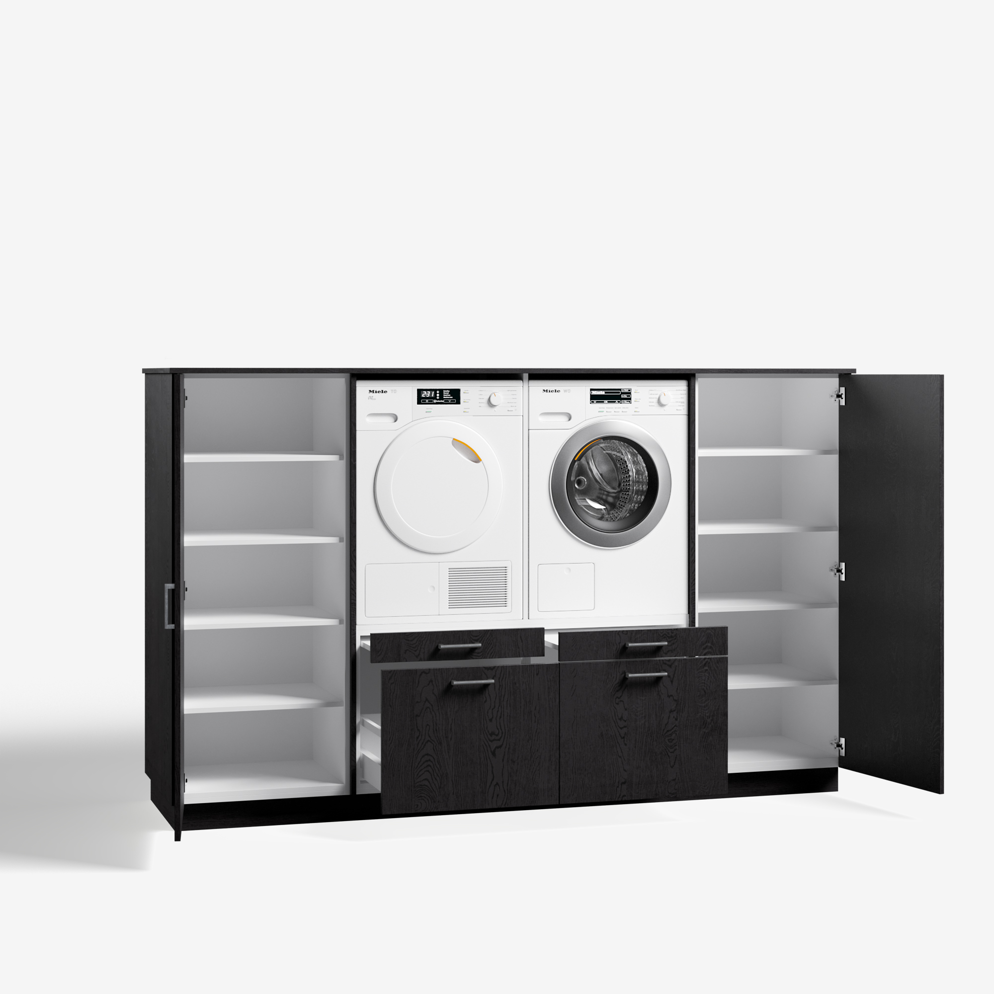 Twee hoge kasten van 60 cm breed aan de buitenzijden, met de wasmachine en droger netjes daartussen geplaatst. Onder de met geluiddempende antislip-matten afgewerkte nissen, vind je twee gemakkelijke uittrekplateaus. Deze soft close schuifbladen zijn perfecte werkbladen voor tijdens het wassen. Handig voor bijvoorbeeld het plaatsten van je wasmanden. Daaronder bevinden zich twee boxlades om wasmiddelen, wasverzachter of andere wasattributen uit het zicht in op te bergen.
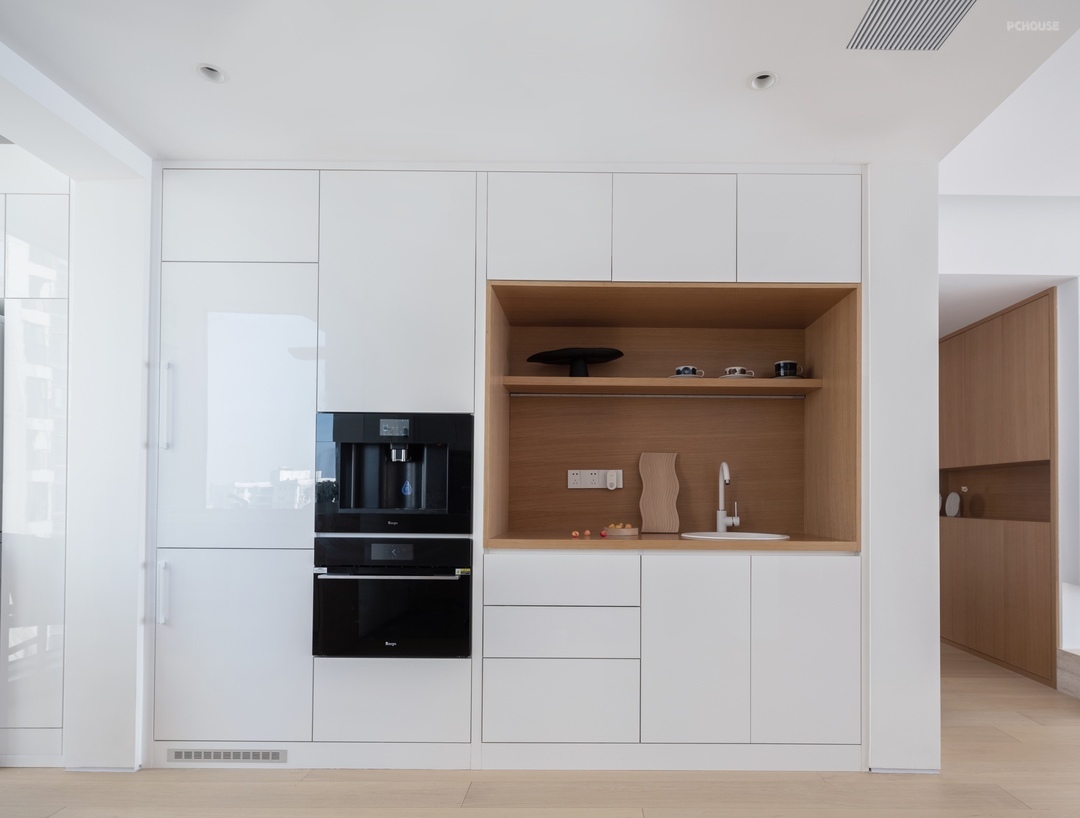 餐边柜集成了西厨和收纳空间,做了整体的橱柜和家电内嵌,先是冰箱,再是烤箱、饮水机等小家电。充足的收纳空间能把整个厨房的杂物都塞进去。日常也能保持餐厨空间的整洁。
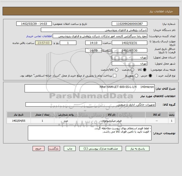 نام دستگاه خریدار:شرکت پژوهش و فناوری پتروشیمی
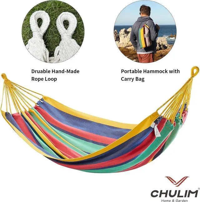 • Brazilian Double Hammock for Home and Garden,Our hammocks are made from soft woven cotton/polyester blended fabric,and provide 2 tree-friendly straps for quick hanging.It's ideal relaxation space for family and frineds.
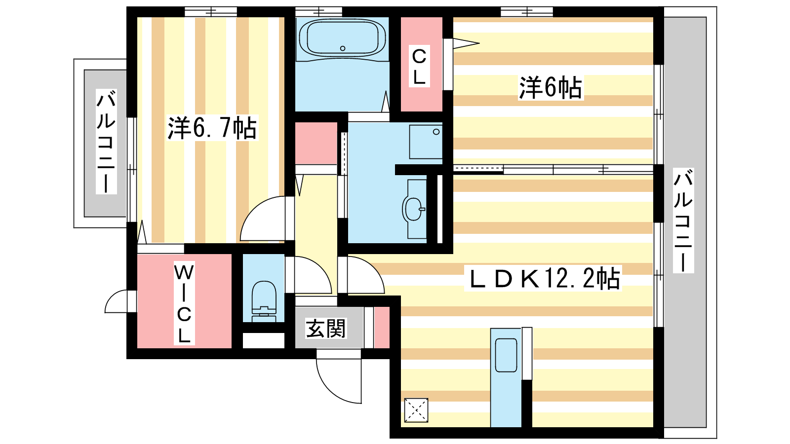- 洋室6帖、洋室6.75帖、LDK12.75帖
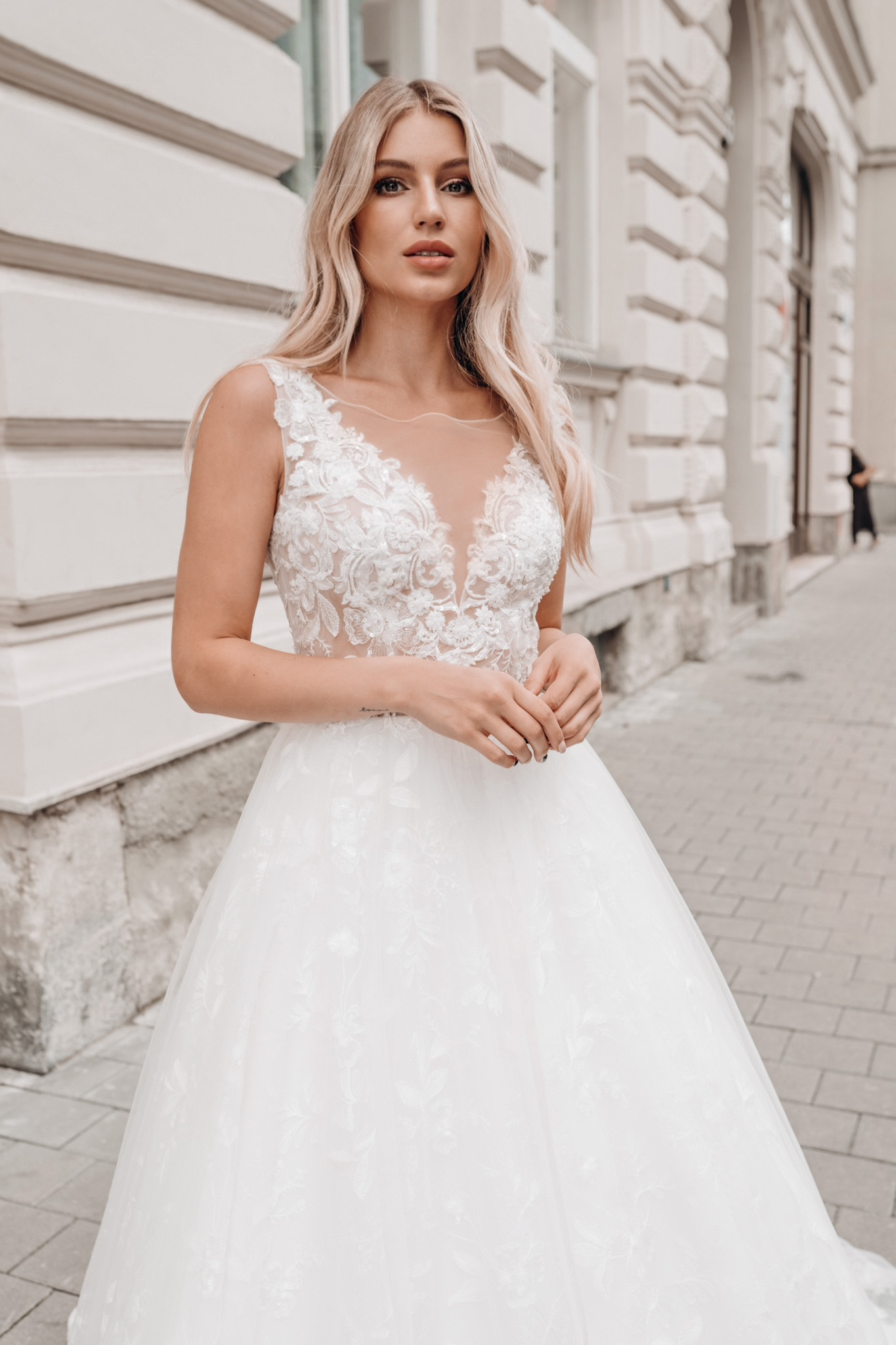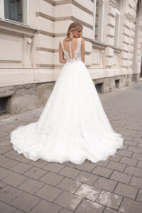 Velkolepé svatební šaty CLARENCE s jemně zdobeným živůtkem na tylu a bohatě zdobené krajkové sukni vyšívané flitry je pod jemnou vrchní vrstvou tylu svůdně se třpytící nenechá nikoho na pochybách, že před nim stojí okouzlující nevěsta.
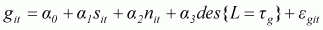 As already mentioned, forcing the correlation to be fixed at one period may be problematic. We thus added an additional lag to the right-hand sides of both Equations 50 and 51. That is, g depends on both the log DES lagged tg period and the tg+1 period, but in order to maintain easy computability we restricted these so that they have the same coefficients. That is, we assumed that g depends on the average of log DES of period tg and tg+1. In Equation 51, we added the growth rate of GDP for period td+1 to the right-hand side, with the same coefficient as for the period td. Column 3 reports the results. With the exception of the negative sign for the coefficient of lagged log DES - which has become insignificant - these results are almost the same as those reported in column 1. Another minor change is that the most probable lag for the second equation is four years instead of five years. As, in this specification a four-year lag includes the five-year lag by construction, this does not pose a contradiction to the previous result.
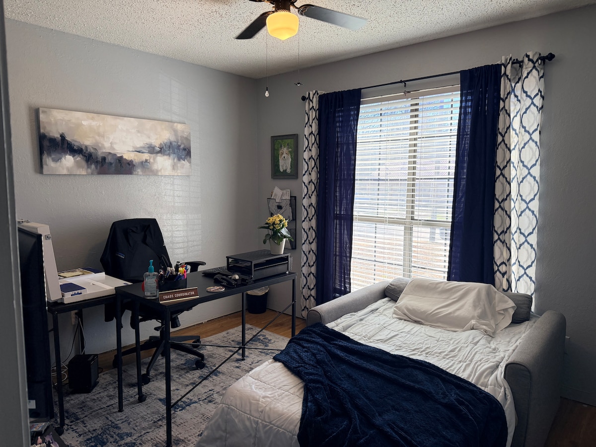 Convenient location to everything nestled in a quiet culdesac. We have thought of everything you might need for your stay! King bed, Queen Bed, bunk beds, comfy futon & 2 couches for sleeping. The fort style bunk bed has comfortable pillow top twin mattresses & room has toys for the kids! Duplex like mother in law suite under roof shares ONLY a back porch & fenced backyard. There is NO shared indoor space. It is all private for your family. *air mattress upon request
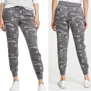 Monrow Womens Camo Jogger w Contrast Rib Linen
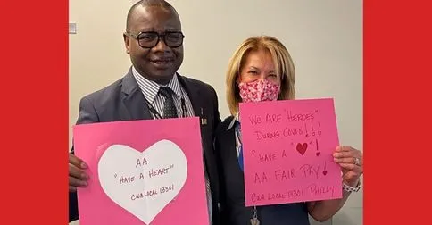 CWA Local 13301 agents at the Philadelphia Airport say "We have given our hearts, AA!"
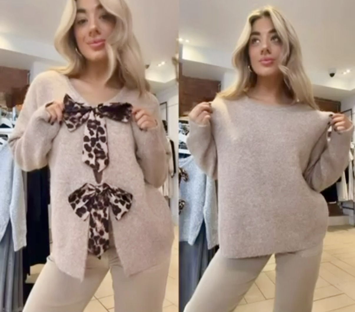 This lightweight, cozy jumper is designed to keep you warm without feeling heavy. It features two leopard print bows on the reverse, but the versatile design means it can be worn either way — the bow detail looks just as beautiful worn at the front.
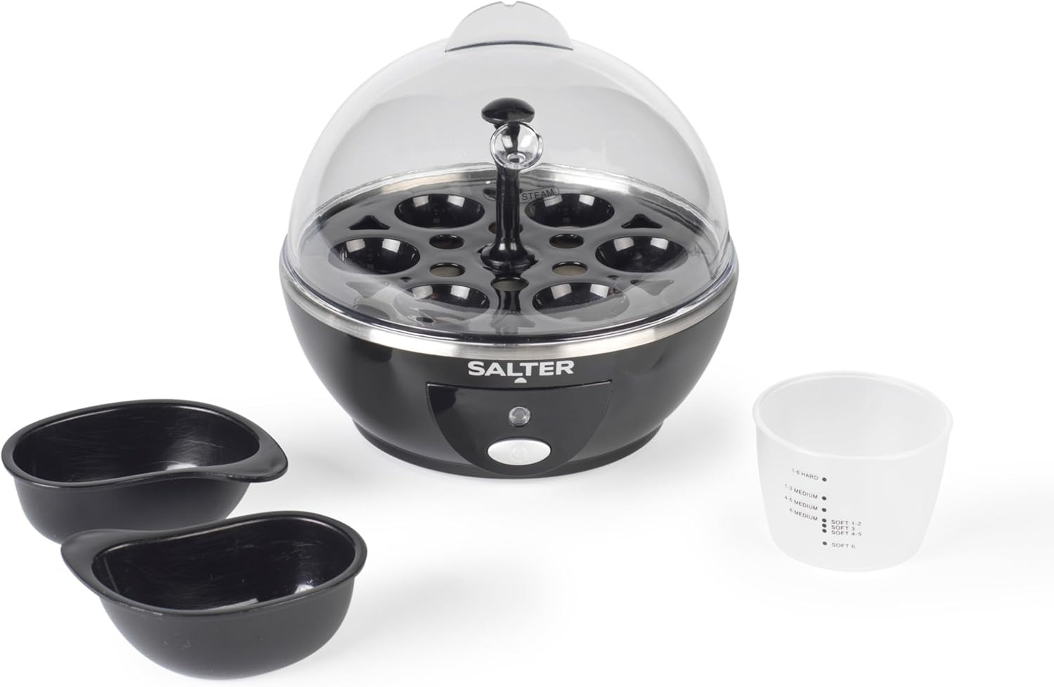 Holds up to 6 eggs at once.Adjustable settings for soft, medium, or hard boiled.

#####

* **Requirement**:
Pictures stay out, but every record above is to be returned exactly.

* **Reply**:
 Twee hoge kasten van 60 cm breed aan de buitenzijden, met de wasmachine en droger netjes daartussen geplaatst. Onder de met geluiddempende antislip-matten afgewerkte nissen, vind je twee gemakkelijke uittrekplateaus. Deze soft close schuifbladen zijn perfecte werkbladen voor tijdens het wassen. Handig voor bijvoorbeeld het plaatsten van je wasmanden. Daaronder bevinden zich twee boxlades om wasmiddelen, wasverzachter of andere wasattributen uit het zicht in op te bergen.
 餐边柜集成了西厨和收纳空间,做了整体的橱柜和家电内嵌,先是冰箱,再是烤箱、饮水机等小家电。充足的收纳空间能把整个厨房的杂物都塞进去。日常也能保持餐厨空间的整洁。
 نام دستگاه خریدار:شرکت پژوهش و فناوری پتروشیمی
 • Brazilian Double Hammock for Home and Garden,Our hammocks are made from soft woven cotton/polyester blended fabric,and provide 2 tree-friendly straps for quick hanging.It's ideal relaxation space for family and frineds.
- 洋室6帖、洋室6.75帖、LDK12.75帖
 Velkolepé svatební šaty CLARENCE s jemně zdobeným živůtkem na tylu a bohatě zdobené krajkové sukni vyšívané flitry je pod jemnou vrchní vrstvou tylu svůdně se třpytící nenechá nikoho na pochybách, že před nim stojí okouzlující nevěsta.
 As already mentioned, forcing the correlation to be fixed at one period may be problematic. We thus added an additional lag to the right-hand sides of both Equations 50 and 51. That is, g depends on both the log DES lagged tg period and the tg+1 period, but in order to maintain easy computability we restricted these so that they have the same coefficients. That is, we assumed that g depends on the average of log DES of period tg and tg+1. In Equation 51, we added the growth rate of GDP for period td+1 to the right-hand side, with the same coefficient as for the period td. Column 3 reports the results. With the exception of the negative sign for the coefficient of lagged log DES - which has become insignificant - these results are almost the same as those reported in column 1. Another minor change is that the most probable lag for the second equation is four years instead of five years. As, in this specification a four-year lag includes the five-year lag by construction, this does not pose a contradiction to the previous result.
 Convenient location to everything nestled in a quiet culdesac. We have thought of everything you might need for your stay! King bed, Queen Bed, bunk beds, comfy futon & 2 couches for sleeping. The fort style bunk bed has comfortable pillow top twin mattresses & room has toys for the kids! Duplex like mother in law suite under roof shares ONLY a back porch & fenced backyard. There is NO shared indoor space. It is all private for your family. *air mattress upon request
 Monrow Womens Camo Jogger w Contrast Rib Linen
 CWA Local 13301 agents at the Philadelphia Airport say "We have given our hearts, AA!"
 This lightweight, cozy jumper is designed to keep you warm without feeling heavy. It features two leopard print bows on the reverse, but the versatile design means it can be worn either way — the bow detail looks just as beautiful worn at the front.
 Holds up to 6 eggs at once.Adjustable settings for soft, medium, or hard boiled.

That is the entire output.